Photos above: San Antonio Popolo nestled in a cove, Young onions and corn grow on terraces wherever there's room to plant them
After 15 days in Guatemala, the achingly beautiful land and the rich culture we'd barely explored, we feel like we'd better either spend the rest of our lives here, or think about moving on. Even with a year or so left, that map of South America looks pretty big, especially compared to tiny Central America! It's early July, and with our son Jamie's wedding in September, we're wondering how to make reservations to fly back to California when we don't even know where we'll be. We want to be done with the most the challenging segment of the trip, the ferry and flight from Panama to South America. On the road, logistics that would be simple at home become much more difficult, without an address or phone, or knowing where you'll be tomorrow. We decided to step up our pace a bit. Photo: San Antonio women washing clothes,
Below: Xela's lovely Parque Central
Xela and Fuentes Georgina
We left Atitlan headed for Xela, pronounced Shayla, a beautiful town with a beautiful name. Its real name is Quetzaltenango, but nobody uses it. Just when you think you can't stand another lovely colonial city in the highlands, another one comes along, with its spacious, open central plaza, grand old Spanish stone buildings, inviting cafes and says, "Come on, sweety, just a little bit closer and snuggle up; we're gonna have a goood time, and I even have an ATM." We flirted and did some light petting with Xela, but left before she even got us to third base because when we saw where we were going to sleep, we knew we'd regret it in the morning. And we just weren't ready to have our hearts broken again, so soon after Atitlan. We just wanted a casual one-nighter this time, and had an invitation from her cousin Georgina, who lived at a hot springs in the mountains nearby, so we tore ourselves away and headed for the hills. Besides, Xela's ATM was out of cash, and so were we.

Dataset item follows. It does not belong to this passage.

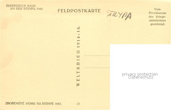 Strypa WK1 Zerstoertes Haus an der Strypa postalisch nicht gelaufen Erhaltung siehe scans [WerneD78]
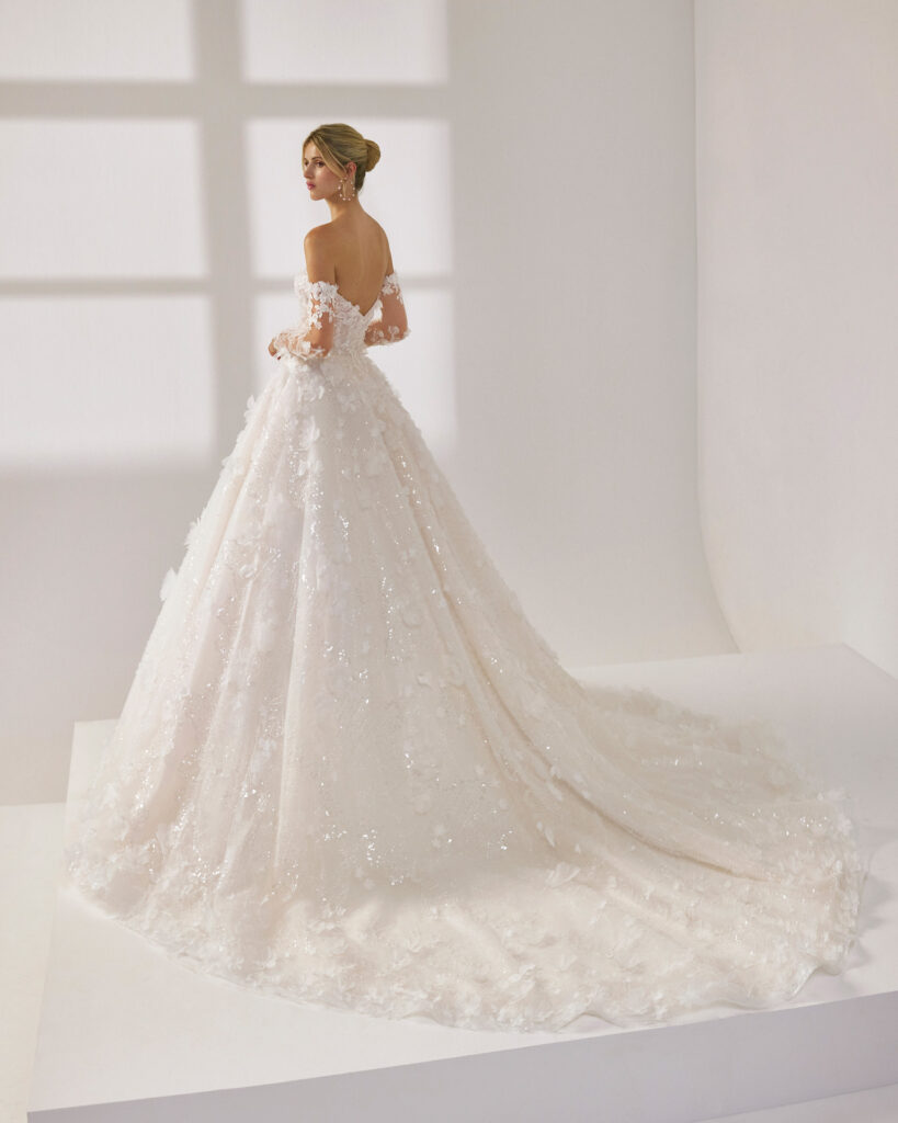 Ambra van Luna Novias, verkrijgbaar bij Koonings. Een lange trouwjurk met een volumineus silhouet, vervaardigd uit sneeuwwit glittertule. Het ontwerp heeft een strapless halslijn, lange mouwen en een open rug, wat zorgt voor een glamoureuze en romantische uitstraling. Perfect voor de bruid die klassieke elegantie wil combineren met een sprankelend, modern accent.

Fuentes Georgina wasn't easy to find, it turned out, like so many good things. It took over two hours wandering lost through the mountains. At one point we came a fork in the one-lane track, with no idea which way to go. A metal sign lay on the ground but it was blank. Kathleen got out, turned it over, and it said Fuentes Georgina --->, which could only mean right, unless you pointed the arrow left, but then the words would be upside down. We're pretty quick at figuring things like this out. Arriving at last at a solid steel closed and locked gate and a sign that said "Cerrado", our spirits fell. But some men slid the peephole open to have a look, and said we could come in and spend the night. This was good, especially since it was almost dark, we were tired and frazzled, and there was nowhere to turn around on this winding, precipitous road. We were prepared to beg, but didn't even have to do more than ask. We found a place to park, but they said we we'd have to leave in the morning, as they were expecting lots of people and didn't have enough parking. Then we got on our swimsuits and found our way to the pools. Georgina is high in the mountains, surrounded by lush tropical forest, which accounts for much of its beauty. There are cabins to rent, a spacious restaurant next to a large pool, fed by hot sulphur seeps from the cliff wall on one side. We spent a luscious hour or so enjoying the perfect water, a full moon, and the cool night air, mostly with the place to ourselves.
Next morning was a different story; people were beginning to arrive by the carload and van load. It was, after all, the weekend and this was the premier hot springs of Guatemala. We moved our rig to make more room available, then returned to the pool for a farewell soak, where we had a fun time with a couple of young Americans who had come there on an outing with their teacher from a Spanish school in Xela. One of them, Bethany, had started from zero only a month before, and was already speaking better than Rus, who has been messing around with the language for years. She also spoke French, which she said helped. But Rus also speaks French so what's his problem? Before heading out, we went once more to the pool to have a look. It had turned into a real cannibal stew! We were grateful we'd come the night before.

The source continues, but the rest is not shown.